The quality of the approximation of \(f\) and \(F\left(\lambda \right)\) depends solely on the number of simulated vectors K. The greater the number of concentrations per individual, the greater K. We have no guidelines for choosing K at present.

A summary of the MED calculation for one patient is shown in Fig. 1. To make it easier to understand, the Fig. 1 shows the MED calculation when only one concentration is available for one patient.

Fig. 1
figure 1

Schematic representation of the multivariate exact discrepancy (MED) computation in one dimension. The a (on the left) represents the different notation used to compute the MED. The x-axis represents the concentrations that can be observed with the tested model at a given time with fixed values of covariates. The y-axis represents the probability density function f(x) of these concentrations. The red crosses represented on the x-axis are concentrations simulated with the model. A large value of f(x) indicates a large density of (simulated) concentrations. For a given value of \(\lambda\), we can compute \({A}_{\lambda }\), the set of concentrations whose density is higher than \(\lambda\). From \({A}_{\lambda }\), we can calculate \(1-F\left(\lambda \right)=P\left(X\in {A}_{\lambda }\right)\), that can be seen as the percentage of simulated concentrations with a density higher than \(\lambda\), and \(F\left(\lambda \right)\), the percentage of simulated concentrations with a density lower than lambda. Now that these sets have been defined, let’s see how to use them to define MED. The figure b (on the right) illustrates how to compute the MED for a patient for whom we have measured one concentration (\({C}_{\mathrm{obs}}\)) represented on the x-axis. The y-axis still represents the pdf f(x). We can calculate the set \({{A}_{\lambda }}_{\mathrm{Cobs}}\) for which \({C}_{\mathrm{obs}}\) is at the boundary and the corresponding \(\lambda\) that will be denoted \({\lambda }_{{C}_{\mathrm{obs}}}\). The MED are defined as the probability that a concentration does not belong to \({A}_{{\lambda }_{\mathrm{Cobs}}}\) that can be seen as the percentage of simulated concentrations standing in a region where \(f\left(x\right)\le {\lambda }_{{C}_{\mathrm{obs}}}\). If the MED is large, the observed concentration stands in a region of high density and the concentration is consistent with the model. On the contrary, if the MED is low, we have a low probability of observing the concentration with the model tested

If we repeat the proposed method to each individual, we obtain one probability per individual, \(P\left( {y_{1} } \right), \ldots ,P\left( {y_{N} } \right)\).

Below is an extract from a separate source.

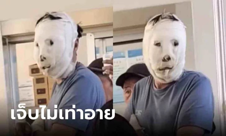 តែសំណាងល្អដែរ ព្រោះបន្ទាប់ពីនោះមក មនុស្សជាច្រើនបានជួយនិយាយលើកទឹកចិត្តគេថា ការរុំរបួសបែបនេះ វាជួយឱ្យជនរងគ្រោះដកដង្ហើមស្រួល និងមើលឃើញច្បាស់ អាចញ៉ាំអាហារ និងជក់បារីបានងាយស្រួលទៀតផង ទើបរូបគេព្រមស្ងប់ចិត្ត និងលែងសូវខឹង៕
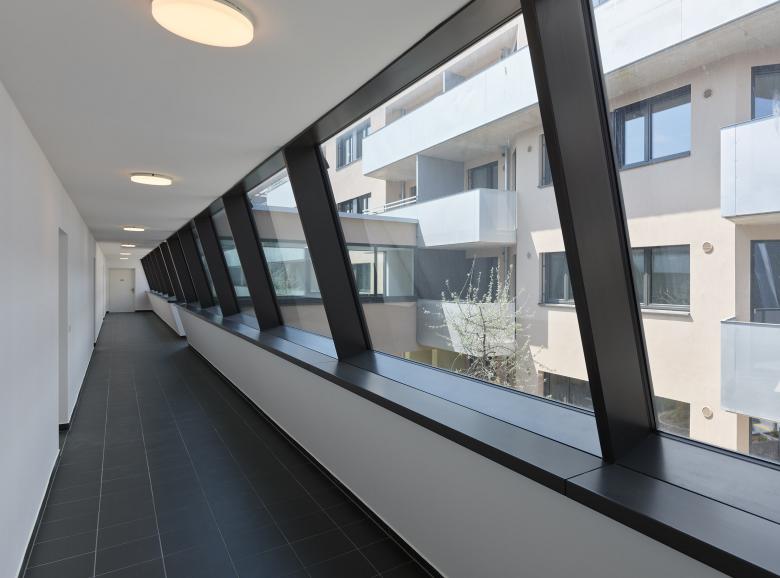 Fünf Geschäftslokale und ein großer Gemeinschaftsraum im Erdgeschoss an der Breitenfurter Straße verstärken die Schnittstellen zwischen belebter Stadt und ruhigem

If we return to the question of whether or not \(M_{{\hat{\tau }}}\) describes the data well, we can state that if \(M_{{\hat{\tau }}}\) = \({\text{M}}_{0}\), the \(P\left( {y_{i} } \right)\) values should be distributed according to a uniform distribution on [0, 1]. Therefore, if the distribution of the \(P\left( {y_{i} } \right)\) values is not uniform, \(M_{{\hat{\tau }}}\)\({\text{M}}_{0}\) and the model \(M_{{\hat{\tau }}}\) is invalidated.

It remains to be checked whether the distribution of the \(P\left( y \right)\)’s is uniform on [0, 1]. Any test that compares a sample distribution to a reference distribution (uniform on ]0; 1[) can be used. In this context, tests such as the Kolmogorov-Smirnov test, Anderson Darling test, chi-square tests are appropriate; each having its own advantages and drawbacks. In the remainder of this article, we will use the Kolmogorov-Smirnov test without discussing this choice.

To summarise the interpretation of MED, we know that MED coming from the true model are expected to be drawn from a uniform distribution over [0, 1]. There is thus a small probability (< alpha = 5%) to observe a MED less than 5% coming from the true model. In this respect, MED can be interpreted as a p-value.

The great advantage of this method is its ability to identify outliers. Indeed, an individual’s probability determines whether or not the individual’s kinetic belongs to the model. To do that, a probability threshold must be defined: if an individual’s probability falls below this threshold, then the individual is identified as an outlier. When an individual is considered as an outlier, their entire PK profile is rejected, not just certain concentrations. Detection of outliers can be useful both in building a model and in performing therapeutic drug monitoring.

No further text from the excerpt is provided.